Before we could correctly conceptualize the role and scope of the ribosome we had no way to explain the mechanisms by which mRNA and protein abundance are linked. But even after we conceptualized the role of the ribosome correctly any machine learning algorithm to predict protein concentration would inevitably fail as long as we lack the correct concept of the poly-AAA-tail. Similarly, there are still lots of imperatively hidden concepts, factors, dimensions or objects, which we cannot suspect because we cannot perceive them, which prevent us from fully understanding aging. However, the fact that our current observations fail to fully explain aging, indicate the presence of imperatively hidden factors of which we can see the consequences without being able to detect them. But since every consequence must have a cause, any unexplained consequence indicates the presence of imperatively hidden imperceptible factors (IHIF) without which we cannot succeed to improve our feature selection.

As I have explained in my immigration example, only when selecting the correct feature, e.g. citizenship, the risk for being asked to leave America by the federal government can be fully understood and hence, can be predicted much better. Could I convince anybody of the high likelihood of the presence of imperatively hidden factors, which we cannot perceive yet as being distinctly different from their environment?

Conclusions and proposed responses/adaptations of our study design

What is the rate-limiting bottleneck, which limits our research progression and why?

The current bottleneck in defeating aging is not addressed by further improving our machine learning algorithms and increasing the training samples, but instead, we must focus on improving proper feature selection first. My main contribution towards defeating aging is to predict features, measurement types and intervals between measurements, which could show the actions of aging much clearer than the features, which we have currently selected to stop aging and defeat death. Now it is up to wet-lab scientists to test my hypotheses. But even if all of them can be ruled out, the possibilities, by which the mechanism of aging could function, would be reduced. This would leave us with fewer hypotheses left to test. Since the options we have for fully understanding the aging process are large - but yet finite - any crazy appearing – no matter high unlikely seeming - hypothesis, which can be ruled out, brings us a tiny step closer to immortality.

The reason why I claim that correct feature selection, but not the gradually improving performance of our machine learning algorithms, is the current bottleneck, which is holding us back from improving our understanding of the aging process, is that our machine learning algorithms have been improving gradually over time, but our feature selection methods have not.

The fact that I cannot find any data for measuring the yeast transcriptome in five-minute intervals for more than 3 out of the average 25 replications, which is considered the average wild type (WT) yeast replicative lifespan, indicates that nobody has seriously suspected that we could at least observe the effects of the aging mechanism by selecting new periodic features, such as period length, temporal phase shift or amplitude, which only make sense if we replace our linear with a periodic concept of life. However, this requires us to change our concepts about life to be driven by linearly acting trends to cyclical periodically acting trends in order to expand our feature selection options to periodic quantities, such as period length, temporal phase shift, amplitude or oscillation pattern, which would have been impossible to imagine when holding on to the old linear concept. In this case – although we could clearly measure the period length - we could not detect it as a feature affected by aging until we explicitly define, select and measure this new feature, e.g. the period length, temporal phase shift, amplitude or oscillation pattern.

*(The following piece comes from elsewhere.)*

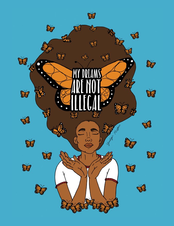 From the steps of the Texas Capitol to the second annual Women’s March in Washington DC, the work of artist Yocelyn Riojas has made appearances at protests across the country. Her art represents the plight of undocumented immigrants, particularly Temporary Protected Status (TPS) holders and Deferred Action for Childhood Arrival (DACA) recipients. In one of her posters, an Afro-Latina woman is set against a bright blue backdrop adorned with monarch butterflies in her hair. Between the wings of the largest butterfly, the poster reads, “My dreams are not illegal.” Through her art, she has equipped the resistance with imagery as powerful as their stories.

Please let me know if this writing makes sense to you, because so far, almost nobody, except for me, seems to worry about this problem. Thanks a lot for your time to read and think through this. I welcome your feedback because my conclusions are logical but surprising to me because nobody else appears to have been aware of this because our study designs don’t reflect this insight yet.

I worry about that there could be many still hidden dimensions, which are very similar to the magnetic field that we cannot yet anticipate. But we must first associate information from these kind of magnetic-field-resembling still imperatively hidden dimensions with aging before we can understand aging.

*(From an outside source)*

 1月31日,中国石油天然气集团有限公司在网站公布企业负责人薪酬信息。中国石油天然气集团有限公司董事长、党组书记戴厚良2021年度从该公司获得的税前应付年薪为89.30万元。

Since we humans have observational tunnel vision, which is mostly limited to the dimensions of our sensations, which must use artificial intelligence because for it all the different dimensions and the features, which define them, are more equal. Only if we can make people understand this, we will have a chance to collectively survive. I need help to get this published because only then experts will take it seriously. For that, I must provide proof-of-principle that we still very naive and observation bias humans would have missed important relevant information if we would not have let artificial intelligence (AI) define possibly aging-relevant features for us in a much more systematic and less bias manner. For us bias humans to create a much less bias AI, we must be able to look at life from many different ridiculous-seeming perspectives because that is what we expect our aging-features-selecting AI to accomplish for us. I am really good at that but the problem is that nobody seems to have time to me to listen. But if I write it, almost nobody has time to read my writings either. We need to create AI to systematically search for relations between our observational measurements, which we humans cannot suspect.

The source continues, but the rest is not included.